GM has an extensive programme to try and turn the financial corner
The carmaker lost $323m (£181m) in the first three months of 2006, after losing $1.3bn in the same period of 2005.
CEO Rick Wagoner said the carmaker was making progress with its cost-cutting.
GM made a $10.6bn loss in 2005, and in March said sales had fallen 14% on the same month a year ago.
Even so, sales in the first quarter of 2006 were $52.2bn, up from $45.8bn a year earlier.
Excluding one-time items - but including a $1bn pre-tax healthcare charge to account for payments to a fund created for future retiree health-care costs - GM lost $529m, or 94 cents a share.
Without the health-care charge, GM would have posted a profit of 26 cents a share.
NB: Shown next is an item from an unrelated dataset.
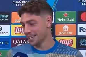 赛后发生了有趣的一幕,记者对巴尔韦德说道:我必须给你这个虚拟的东西,因为我没有金球奖在这,(向镜头展示手机屏幕)金球奖图,这是你的。
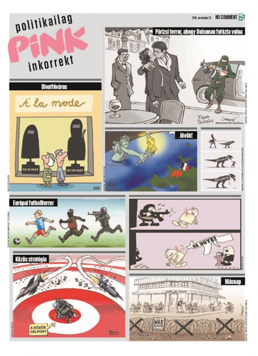 Hagyományos PINK rovatunk NO COMMENT címmel jelent meg, ezúttal kizárólag karikatúrákkal. Saját karikaturistáink - MARABU és WEISZ BÉLA - mellett külföldi lapokból válogattunk - a friss, november 21-én megjelent VH 7. oldalán.

In January GM said it expected to make $4bn (£2.2bn) in savings this year from a far reaching cost-cutting plan. It eventually plans to cut annual costs by $6bn.
By 2010 it expects costs as a share of revenues to fall dramatically.
The US car giant has faltered in the face of fierce competition from Asian rivals and changing consumer tastes
In response to dwindling market share in the US market, GM will cut 30,000 jobs and close 12 North American plants, as well as cutting top executive pay.
"GM is making more vehicles and selling fewer of them," said Professor Peter Morici at the University of Maryland.
Mr Morici said during the quarter GM's market share fell from 25.2% to 23.7%, and pointed to figures suggesting that although GM was building more cars, it was selling fewer of them.
"With gas prices rising rapidly, GM's strategy of loading up vehicles with more horsepower and features may prove difficult to sustain," he said.
He also said GM needed to further reduce its labour costs and bring those into line with Toyota and other Asian companies operating in North America.